If Cosby gets two years or less, he’d likely go to the Montgomery County Correctional Facility in nearby Eagleville, a 2,080-bed site that also has a medical unit. Or O’Neill could give him less than a year and let him serve some or all of the time on home confinement, typically with an ankle monitor or probation.
The key question, if Cosby gets time, is whether O’Neill lets him stay home while he appeals his conviction. The violent nature of the crime works against him, but Cosby’s age might work in his favour.
“You don’t want your client to go to prison and find out that (in) those twilight years of their life they shouldn’t have had to spend there in the first place,” said Loyola Law School professor Laurie Levenson.
More than 60 other women accuse Cosby of sexual misconduct during his 50-year show business career. O’Neill allowed five of them to testify at trial, while others came to watch the court proceedings. District Attorney Kevin Steele wants some of them to speak at the sentencing.
O’Neill on Wednesday ruled out the testimony of most of the other accusers, other than the five trial witnesses. But whether any of them testify, he already knows their stories well after presiding at both trials and several intense pretrial hearings over their “prior bad act” testimony.
“The judge knows a ton about Mr. Cosby whether or not the D.A. puts on a single witness,” Filler said.
O’Neill, who is married and has three adult sons, took the bench in 2002. He has watched the Cosby team’s attacks on the court system intensify, and grow more personal, as the stakes grew.
When the first trial ended in a deadlock in June 2017, the defence attacked the judge and prosecutor from the courthouse steps. In court in April, moments after his conviction, Cosby called Steele an expletive and said he was “sick of him.”
Then, just this week, Camille Cosby filed a state ethics complaint against O’Neill, invoking a long-ago romance to allege he had a bias in the case. She has called him “arrogant,” “unethical” and “corrupt.”

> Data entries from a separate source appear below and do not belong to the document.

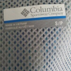 NWT mens Columbia PFG Omni shade button down shirt performance fishing gear S. 100 % polyester , vented back pics 11 and 12 , lots of branding , 2 snap closed chest pockets with a few other pockets that close with hook and loop material pic 16 , the sleeves can be held in a shorter position with a hoop then a piece of material that loops through that hoop and buttons to keep the sleeve up see pic 15.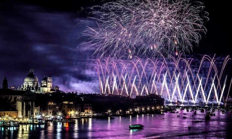 Lungo le sponde dell’isola residenti e visitatori festeggiano, mentre il canale della Giudecca si anima delle innumerevoli barche che si radunano per ammirare gli spettacolari fuochi d’artificio.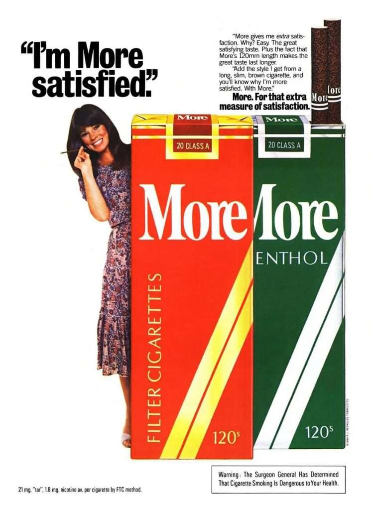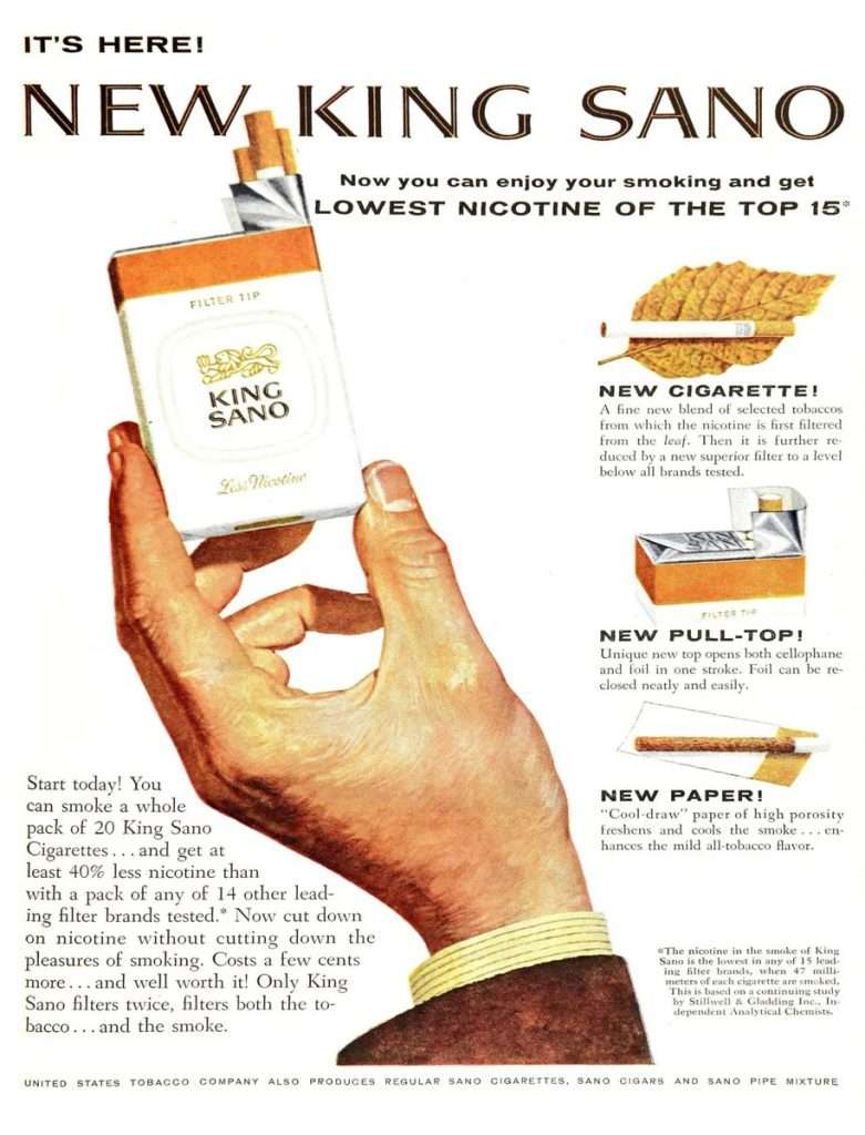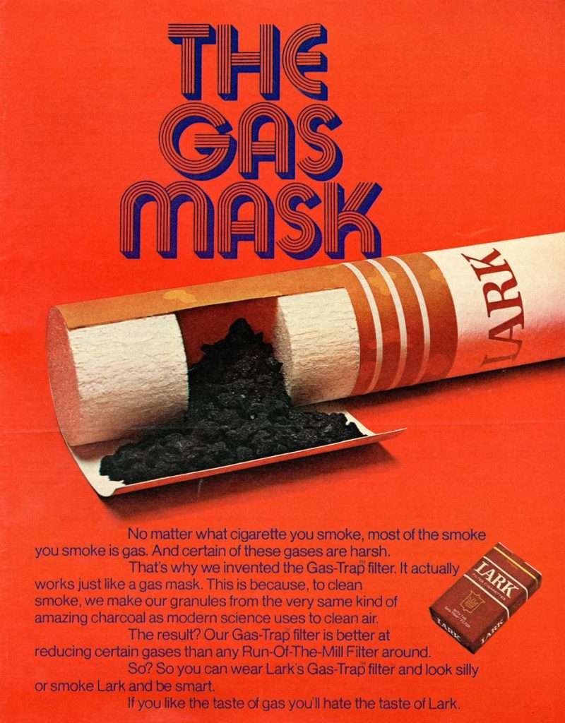 And the most popular topic of promotion, which remains to this day, was, of course, cigarette filters. Although is there much to think of there? Acetate fiber… Well, maybe in combination with charcoal chips. What else? But really, the topic of cigarette smoke filtration is very broad and interesting, deserving a separate topic. Besides, it has already been started in the post “History of Cigarette Filter” and will be continued in the very near future.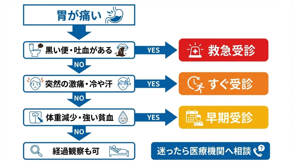 胃が痛い症状を感じて、黒い便や吐血、激痛・冷や汗、体重減少・貧血があるなら、今すぐ病院を受診すべきです。

Lawyer Samuel Stretton, who often represents Pennsylvania judges in disciplinary hearings, called O’Neill an even-keeled professional who “understands human nature.” He doesn’t think the attacks will influence the sentence but said Cosby’s lack of remorse might.
“Obviously, if no one is repenting, that’s a factor to consider. And if they’re so unrepentant they’re name calling, blaming anyone but themselves,” that’s a problem, Stretton said.